Making AP CSP code real

Programming knowledge may be required!

What is the CSP pseudocode?

For thousands of high school students (including me), the first computer science class they take in high school is AP Computer Science Principles. To make this class language agnostic, the College Board tests students on questions written in a peculiar pseudocode format.

Around February 2023, I thought it would be a fun idea to try to implement an interpreter for the language armed with a small amount of previous knowledge, I attempted to create the CSP language.

However, it did not go so well. Despite a basic functioning prototype working, each time I attempted a more complex program, or tried to do something a little bit harder than what a CSP student could understand, I was met with thousands parsing and runtime errors. But it was powerful enough to solve AP Classroom problems.

The CSP language

I’ve talked a lot about the language behind AP CSP, now let me show you what it looks like.

PROCEDURE suffix(num) {
    IF (num < 0) { num <- num * -1 }

    l <- num MOD 10
    sm <- num MOD 100
    
    IF (l = 1 AND sm != 11) {
        RETURN("st")
    }
    IF (l = 2 AND sm != 12) {
        RETURN("nd")
    } 
    IF (l = 3 AND sm != 13) {
        RETURN("rd")
    }

    RETURN("th")
}

PROCEDURE fibbonacci(n) {
    x <- 0
    y <- 0
    z <- 1

    REPEAT n TIMES {
        x <- y
        y <- z
        z <- x + y
    }

    RETURN(x)
} 

DISPLAY("You don't run Java in your mind.")
DISPLAY("So why should you for CSP?")
DISPLAY("Number: ")


inp <- PARSE(INPUT())

IF (inp >= 500000) {
    DISPLAY("Woah, this is going to take awhile.")
}

fib <- fibbonacci(inp)
// Multiple arguments in display is non-normal / not in cb material
DISPLAY("The ", inp, suffix(inp), " Fibbonacci number is: ", fib)

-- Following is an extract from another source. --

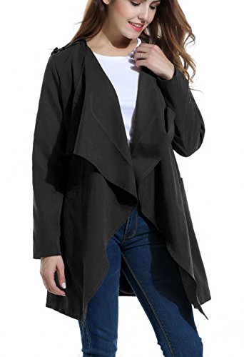 ACEVOG Women's Asymmetrical Winter Long Trench Jackets Cardigan (Medium, Black)
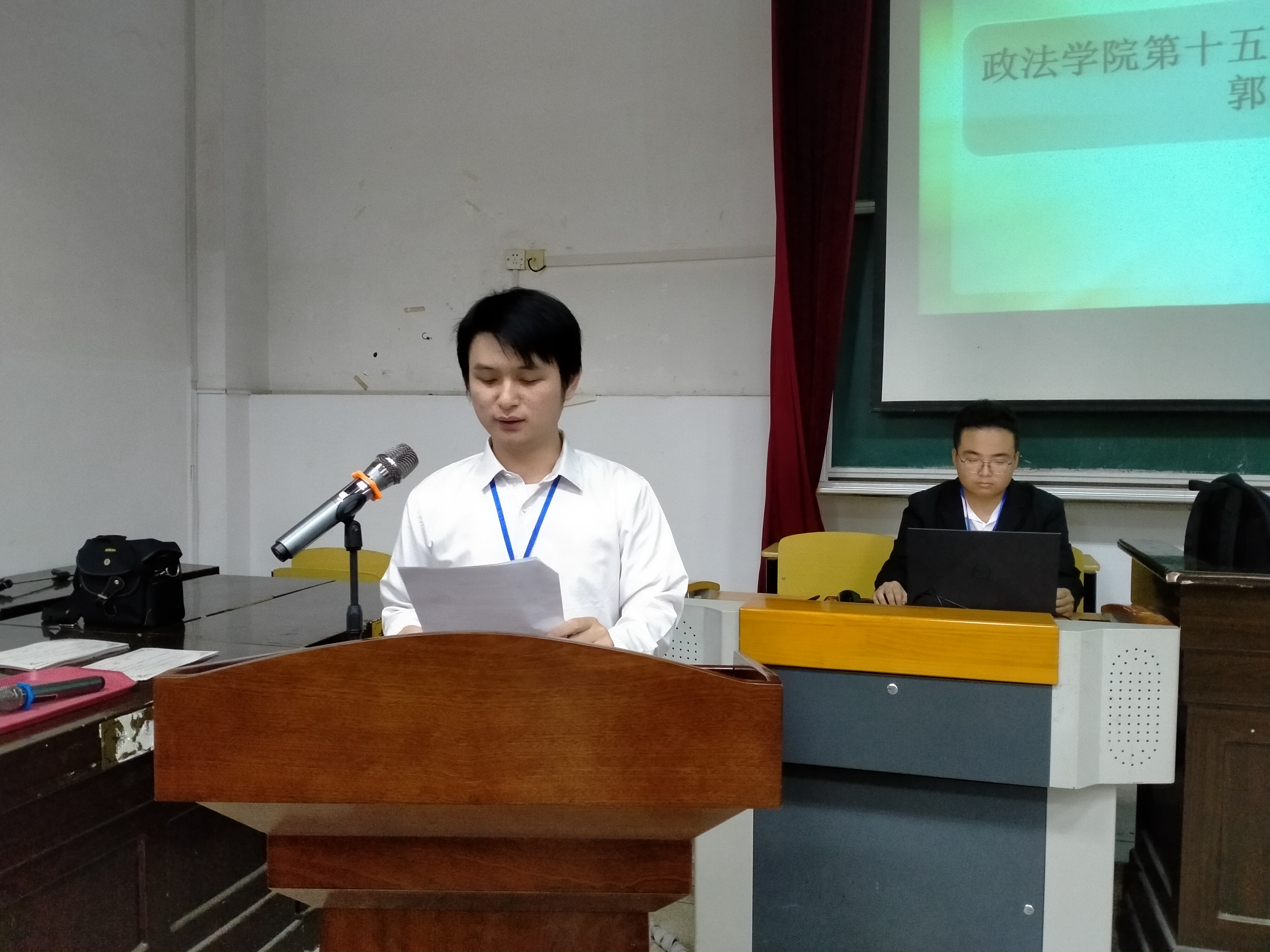 2022年11月19日下午2时30分,政法学院于5栋408举行第十六届团委学生会换届大会。政法学院党委副书记喻聪出席本次大会,政法学院学生会主席曹霖栋担任主持人,我院第十五届、第十六届团委学生会全体工作人员到场参加。

As you can see, despite being pseudocode, the language is somewhat defined and rigid.

Revisiting the interpreter

I found the old interpreter while looking through my old projects and decided, why not finish it?

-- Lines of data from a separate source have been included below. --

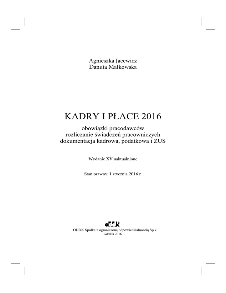 Agnieszka Jacewicz Danuta Małkowska KADRY I P£ACE 2016 obowi¹zki pracodawców rozliczanie œwiadczeñ pracowniczych dokumentacja kadrowa, podatkowa i ZUS Wydanie XV uaktualnione Stan prawny: 1 stycznia 2016 r. ODDK Spó³ka z ograniczon¹ odpowiedzialnoœci¹ Sp.k. Gdañsk 2016 Spis treści Spis treści Spis treści Wykaz skrótów . . . . . . . . . . . . . . . . . . . . . . . . . . . . . . . . . . . . . . . . . . . . . . . . . . . . . . . . . . . . . . 9 Wstęp . . . . . . . . . . . . . . . . . . . . . . . . . . . . . . . . . . . . . . . . . . . . . . . . . . . . . . . . . . . . . . . . . . . . . . 11 Rozdział 1 Nawiązanie stosunku pracy . . . . . . . . . . . . . . . . . . . . . . . . . . . . . . . . . . . . . . . . . . . . . . . . . . 13 1. Charakterystyka i zasady nawiązania stosunku pracy . . . . . . . . . . . . . . . . . . . . . . . . 13 1.1. Istota stosunku pracy. . . . . . . . . . . . . . . . . . . . . . . . . . . . . . . . . . . . . . . . . . . . . . . . 13 1.2. Zanim dojdzie do podpisania umowy o pracę . . . . . . . . . . . . . . . . . . . . . . . . . . 24 1.3. Zawarcie umowy o pracę . . . . . . . . . . . . . . . . . . . . . . . . . . . . . . . . . . . . . . . . . . . . 25 2. Obowiązki pracodawcy wobec nowo zatrudnionych. . . . . . . . . . . . . . . . . . . . . . . . . 27 2.1. Badania profilaktyczne . . . . . . . . . . . . . . . . . . . . . . . . . . . . . . . . . . . . . . . . . . . . . . 28 2.2. Zapoznanie z aktami prawa wewnętrznego . . . . . . . . . . . . . . . . . . . . . . . . . . . . 30 2.3. Prowadzenie akt osobowych . . . . . . . . . . . . . . . . . . . . . . . . . . . . . . . . . . . . . . . . . 34 2.4. Bezpieczeństwo i higiena pracy . . . . . . . . . . . . . . . . . . . . . . . . . . . . . . . . . . . . . . 38 2.5. Ustalenie stażu pracy nowo zatrudnionego pracownika. . . . . . . . . . . . . . . . . . 40 2.6. Obowiązki w zakresie ubezpieczeń społecznych, ubezpieczenia zdrowotnego oraz podatku dochodowego. . . . . . . . . . . . . . . . . . . . . . . . . . . . . . 41 2.7. Obowiązki informacyjne zakładu pracy. . . . . . . . . . . . . . . . . . . . . . . . . . . . . . . . 45 3. Sankcje za naruszenie prawa pracy . . . . . . . . . . . . . . . . . . . . . . . . . . . . . . . . . . . . . . . . 45 3.1. Odpowiedzialność pracodawcy . . . . . . . . . . . . . . . . . . . . . . . . . . . . . . . . . . . . . . . 45 3.2. Odpowiedzialność osoby prowadzącej sprawy kadrowe . . . . . . . . . . . . . . . . . 47 4. Przykład – przyjęcie pracownika do pracy. . . . . . . . . . . . . . . . . . . . . . . . . . . . . . . . . . 49 5. Inne formy angażowania pracowników . . . . . . . . . . . . . . . . . . . . . . . . . . . . . . . . . . . . 64 5.1. Zatrudnianie młodocianych . . . . . . . . . . . . . . . . . . . . . . . . . . . . . . . . . . . . . . . . . . 64 5.2. Praktyka absolwencka . . . . . . . . . . . . . . . . . . . . . . . . . . . . . . . . . . . . . . . . . . . . . . . 69 Rozdział 2 Wynagrodzenie ze stosunku pracy . . . . . . . . . . . . . . . . . . . . . . . . . . . . . . . . . . . . . . . . . . . . 75 1. Wynagrodzenie za pracę i zasady jego ustalania. . . . . . . . . . . . . . . . . . . . . . . . . . . . . 75 1.1. Istota wynagrodzenia i jego elementy składowe . . . . . . . . . . . . . . . . . . . . . . . . 75 1.2. Termin wypłaty wynagrodzenia . . . . . . . . . . . . . . . . . . . . . . . . . . . . . . . . . . . . . . 77 1.3. Ochrona wynagrodzenia za pracę . . . . . . . . . . . . . . . . . . . . . . . . . . . . . . . . . . . . . 78 1.4. Wynagrodzenie minimalne . . . . . . . . . . . . . . . . . . . . . . . . . . . . . . . . . . . . . . . . . . 78 2. Czas pracy i jego ewidencja . . . . . . . . . . . . . . . . . . . . . . . . . . . . . . . . . . . . . . . . . . . . . . 82 2.1. Normy i wymiar czasu pracy . . . . . . . . . . . . . . . . . . . . . . . . . . . . . . . . . . . . . . . . . 82 2.2. Systemy czasu pracy . . . . . . . . . . . . . . . . . . . . . . . . . . . . . . . . . . . . . . . . . . . . . . . . 90 2.3. Ewidencja czasu pracy . . . . . . . . . . . . . . . . . . . . . . . . . . . . . . . . . . . . . . . . . . . . . . 94 3 Spis treści 2.4. Praca w dni świąteczne i w porze nocnej . . . . . . . . . . . . . . . . . . . . . . . . . . . . . . 99 2.5. Czas pracy kadry kierowniczej . . . . . . . . . . . . . . . . . . . . . . . . . . . . . . . . . . . . . . 103 2.6. Odpoczynek i przerwy w pracy . . . . . . . . . . . . . . . . . . . . . . . . . . . . . . . . . . . . . 104 3. Praca w godzinach nadliczbowych . . . . . . . . . . . . . . . . . . . . . . . . . . . . . . . . . . . . . . . 109 3.1. Istota pracy w godzinach nadliczbowych . . . . . . . . . . . . . . . . . . . . . . . . . . . . . 109 3.2. Ustalenie przekroczenia norm czasu pracy. . . . . . . . . . . . . . . . . . . . . . . . . . . . 110 3.3. Rekompensata za pracę w godzinach nadliczbowych . . . . . . . . . . . . . . . . . . 114 Rozdział 3 Rozliczanie i dokumentowanie wynagrodzeń . . . . . . . . . . . . . . . . . . . . . . . . . . . . . . . . . 123 1. Procedura naliczania wynagrodzenia . . . . . . . . . . . . . . . . . . . . . . . . . . . . . . . . . . . . . 123 1.1. Ustalenie przychodu pracownika . . . . . . . . . . . . . . . . . . . . . . . . . . . . . . . . . . . . 123 1.2. Składki na ubezpieczenia społeczne finansowane przez pracownika . . . . . 125 1.3. Składka na ubezpieczenie zdrowotne . . . . . . . . . . . . . . . . . . . . . . . . . . . . . . . . 130 1.4. Zaliczka na podatek dochodowy od osób fizycznych – rozliczenie z urzędem skarbowym . . . . . . . . . . . . . . . . . . . . . . . . . . . . . . . . . 133 1.5. Pozostałe potrącenia obowiązkowe z wynagrodzeń . . . . . . . . . . . . . . . . . . . . 147 1.6. Wynagrodzenie w walucie obcej. . . . . . . . . . . . . . . . . . . . . . . . . . . . . . . . . . . . . 153 2. Składki finansowane przez pracodawcę . . . . . . . . . . . . . . . . . . . . . . . . . . . . . . . . . . . 155 2.1. Składki na ubezpieczenia społeczne (emerytalne, rent
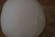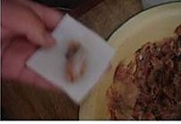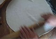 拿起一块饺皮用筷子抹上一块馅在正中间,
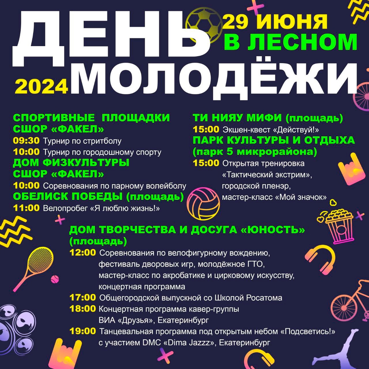 29 июня в Лесном отпразднуют День молодежи. Публикуем афишу мероприятий.
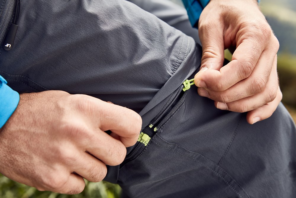 Leichtes, robustes und bi-elastisches Gewebe Wasser- und schmutzabweisend durch BIONIC-FINISH®ECO Schnelltrocknend Leicht zu Shorts abzippbar Teilelastischer Bund mit Gürtelschlaufen und Gürtel 2 seitliche Taschen, 1 Gesäßtasche, 1 Tasche am Bein Alle Taschen mit Reißverschluss.
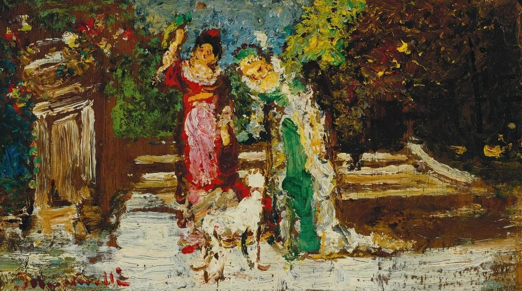The art print of Two Women and Dog by Adolphe Monticelli transports us to a moment of tenderness and complicity. The vivid colors and dynamic brushstrokes create a lively atmosphere, where the characters seem to come to life before our eyes. The canvas exudes a palpable warmth, thanks to the skillful use of warm tones that envelop the figures. Monticelli, with his unique style, manages to capture the essence of everyday life while adding a touch of poetry and dreaminess.
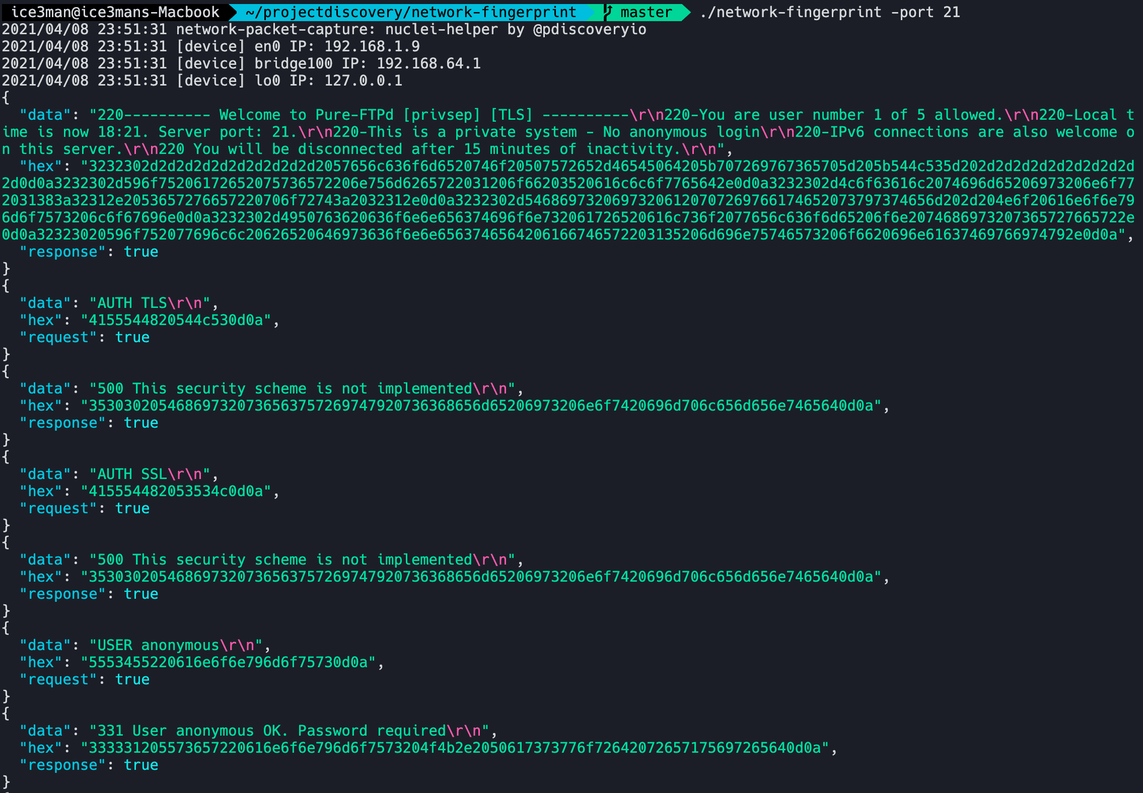 Similar pattern generation can be done for other protocols as well. An example below shows network-fingerprint capturing FTP handshake that can be easily recreated by using nuclei-templates. This was done with a PureFTPd server running in docker and FileZilla OSX client.

I quickly laid out quite a simple plan: going from text to tokens, tokens to an abstract syntax tree, and intrepreting the tree. I decided not to use a parser like I have in the past and just write the tokenizer myself.

Tokenizing

This is what the tokens are represented by

#[derive(Debug, Copy, Clone, PartialEq)]
pub enum Token<'a> {
    Ident(&'a str),
    Flow(char),
    ArgSep,
    LineSep,
    Operator(Operator),
    Assign,
    Boolean(bool),
    String(&'a str),
    Number(i64),
    If,
    Else,
    Repeat,
    Times,
    Until,
    For,
    Each,
    In,
    Procedure,
}

To tokenize the project, I decided to build a relatively simple parser, one which is basically and extended iterator over the input string. After looping through each element, the code begins by checking for matching symbols. After checking for those, we look for a quotation to start a string, then a alphanumeric string to start identifier, and finally a number.

Tokens to Ast

This was one of the more painful parts of the code. After struggling with coming up with an idea for how to do it, I finally came up with a idea. Iterate through each token and provide the rest of the iterator to a parsing function for that token. This implementation is actually how the code still works*.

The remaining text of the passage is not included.